_Problem details_
Reproduce, character for character, the lines below from the first through the one with "秦春成在致辞中说,南丹至天峨". Leave pictures out.

_Dataset extract_
◇ ◇ ◇ ◇ ◇

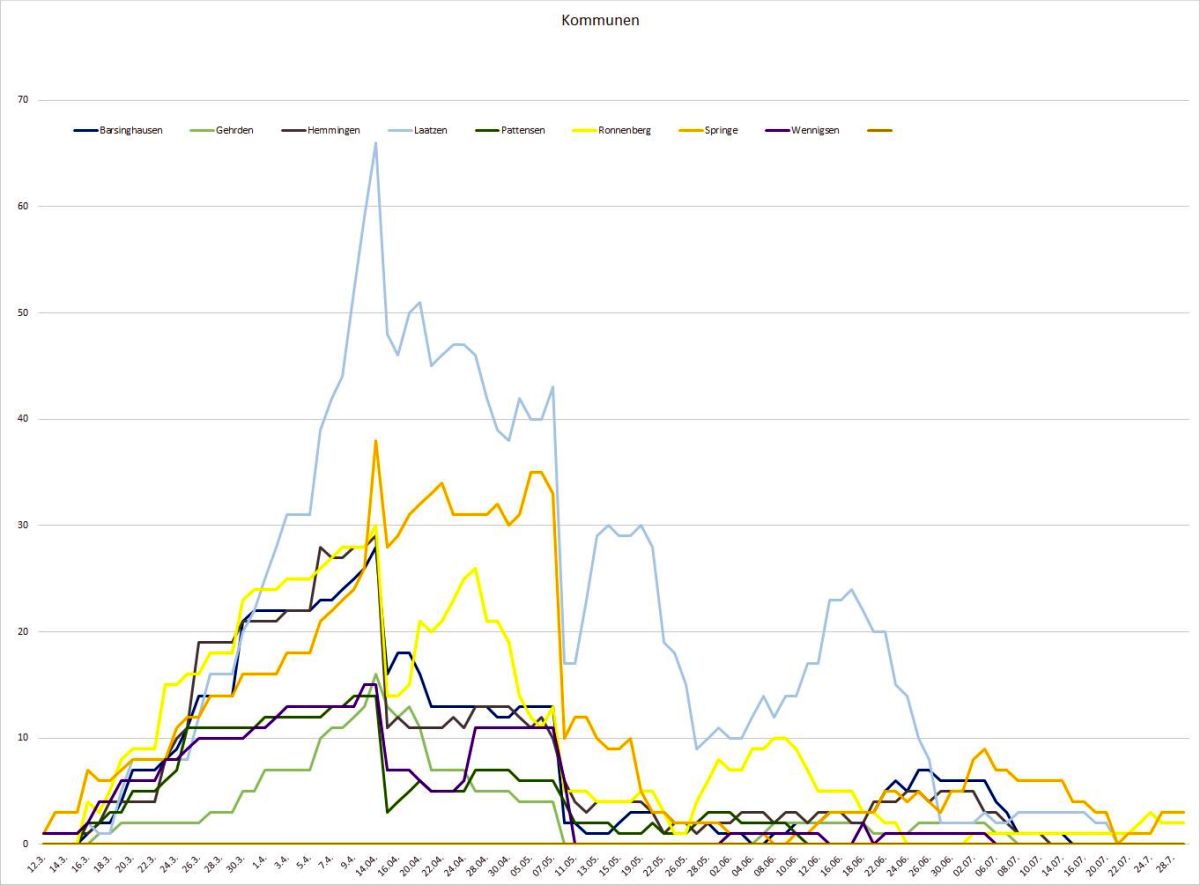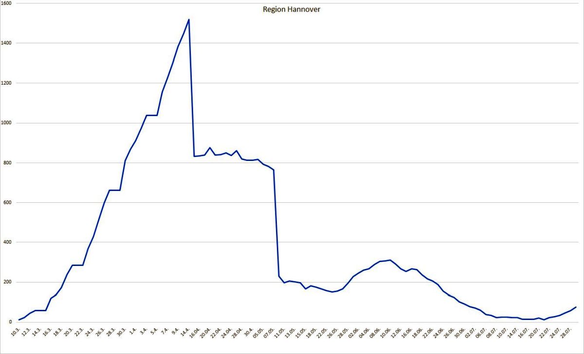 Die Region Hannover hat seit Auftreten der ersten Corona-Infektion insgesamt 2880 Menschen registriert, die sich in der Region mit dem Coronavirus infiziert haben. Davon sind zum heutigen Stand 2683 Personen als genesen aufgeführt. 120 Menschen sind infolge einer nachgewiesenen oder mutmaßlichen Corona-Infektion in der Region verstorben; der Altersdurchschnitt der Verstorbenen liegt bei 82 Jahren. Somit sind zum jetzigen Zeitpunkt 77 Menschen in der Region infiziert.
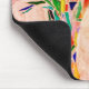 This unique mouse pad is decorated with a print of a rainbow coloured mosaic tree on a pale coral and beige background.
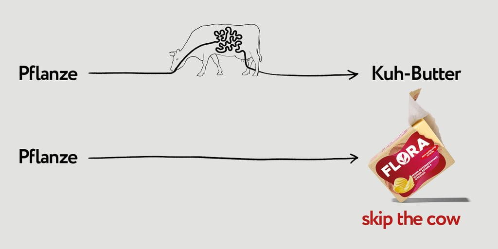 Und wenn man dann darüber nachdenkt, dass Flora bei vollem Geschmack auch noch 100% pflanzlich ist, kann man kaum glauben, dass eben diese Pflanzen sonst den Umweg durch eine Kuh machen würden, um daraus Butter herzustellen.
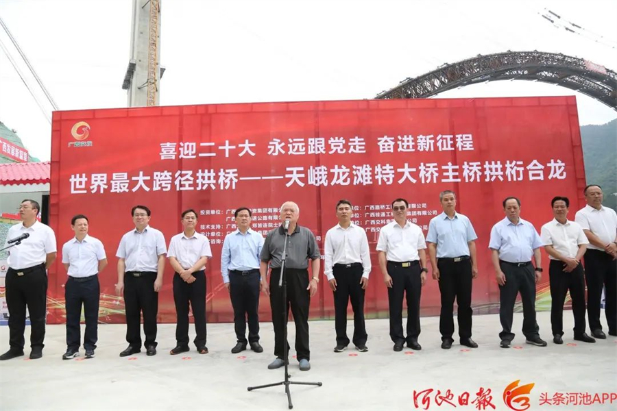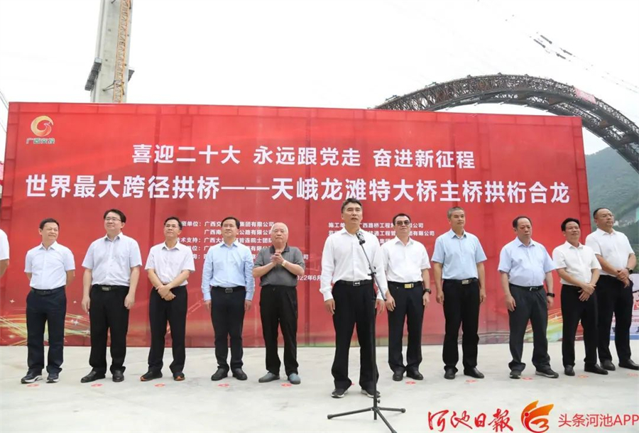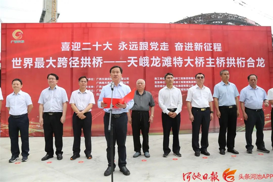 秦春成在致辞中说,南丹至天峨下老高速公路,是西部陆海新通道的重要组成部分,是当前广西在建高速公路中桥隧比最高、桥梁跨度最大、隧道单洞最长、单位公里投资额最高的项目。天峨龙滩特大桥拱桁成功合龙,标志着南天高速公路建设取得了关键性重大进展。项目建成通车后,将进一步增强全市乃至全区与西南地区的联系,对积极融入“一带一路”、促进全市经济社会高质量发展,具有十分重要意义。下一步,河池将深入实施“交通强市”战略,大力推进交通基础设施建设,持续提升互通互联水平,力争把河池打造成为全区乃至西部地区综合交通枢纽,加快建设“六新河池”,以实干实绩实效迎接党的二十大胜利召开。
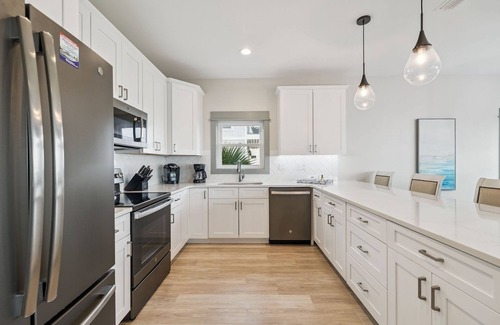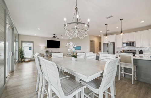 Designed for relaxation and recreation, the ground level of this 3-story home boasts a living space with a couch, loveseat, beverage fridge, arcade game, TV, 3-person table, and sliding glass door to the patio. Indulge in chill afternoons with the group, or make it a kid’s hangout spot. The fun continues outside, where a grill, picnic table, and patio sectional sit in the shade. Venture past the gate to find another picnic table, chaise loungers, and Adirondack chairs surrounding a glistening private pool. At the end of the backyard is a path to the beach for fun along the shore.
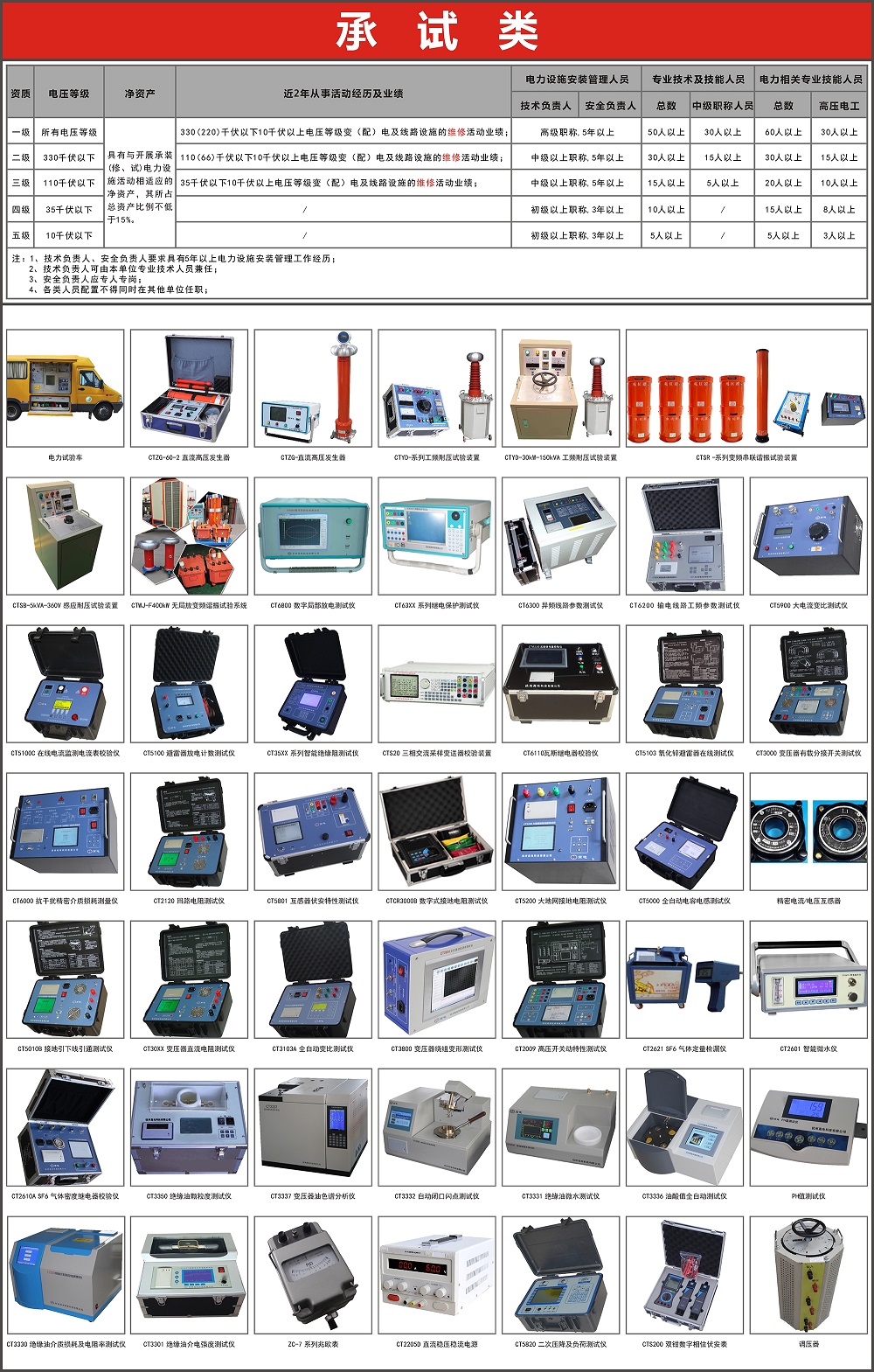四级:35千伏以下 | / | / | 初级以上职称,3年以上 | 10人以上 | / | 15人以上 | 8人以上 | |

◇ ◇ ◇ ◇ ◇

_Solution for this exercise_
 Die Region Hannover hat seit Auftreten der ersten Corona-Infektion insgesamt 2880 Menschen registriert, die sich in der Region mit dem Coronavirus infiziert haben. Davon sind zum heutigen Stand 2683 Personen als genesen aufgeführt. 120 Menschen sind infolge einer nachgewiesenen oder mutmaßlichen Corona-Infektion in der Region verstorben; der Altersdurchschnitt der Verstorbenen liegt bei 82 Jahren. Somit sind zum jetzigen Zeitpunkt 77 Menschen in der Region infiziert.
 This unique mouse pad is decorated with a print of a rainbow coloured mosaic tree on a pale coral and beige background.
 Und wenn man dann darüber nachdenkt, dass Flora bei vollem Geschmack auch noch 100% pflanzlich ist, kann man kaum glauben, dass eben diese Pflanzen sonst den Umweg durch eine Kuh machen würden, um daraus Butter herzustellen.
 秦春成在致辞中说,南丹至天峨下老高速公路,是西部陆海新通道的重要组成部分,是当前广西在建高速公路中桥隧比最高、桥梁跨度最大、隧道单洞最长、单位公里投资额最高的项目。天峨龙滩特大桥拱桁成功合龙,标志着南天高速公路建设取得了关键性重大进展。项目建成通车后,将进一步增强全市乃至全区与西南地区的联系,对积极融入“一带一路”、促进全市经济社会高质量发展,具有十分重要意义。下一步,河池将深入实施“交通强市”战略,大力推进交通基础设施建设,持续提升互通互联水平,力争把河池打造成为全区乃至西部地区综合交通枢纽,加快建设“六新河池”,以实干实绩实效迎接党的二十大胜利召开。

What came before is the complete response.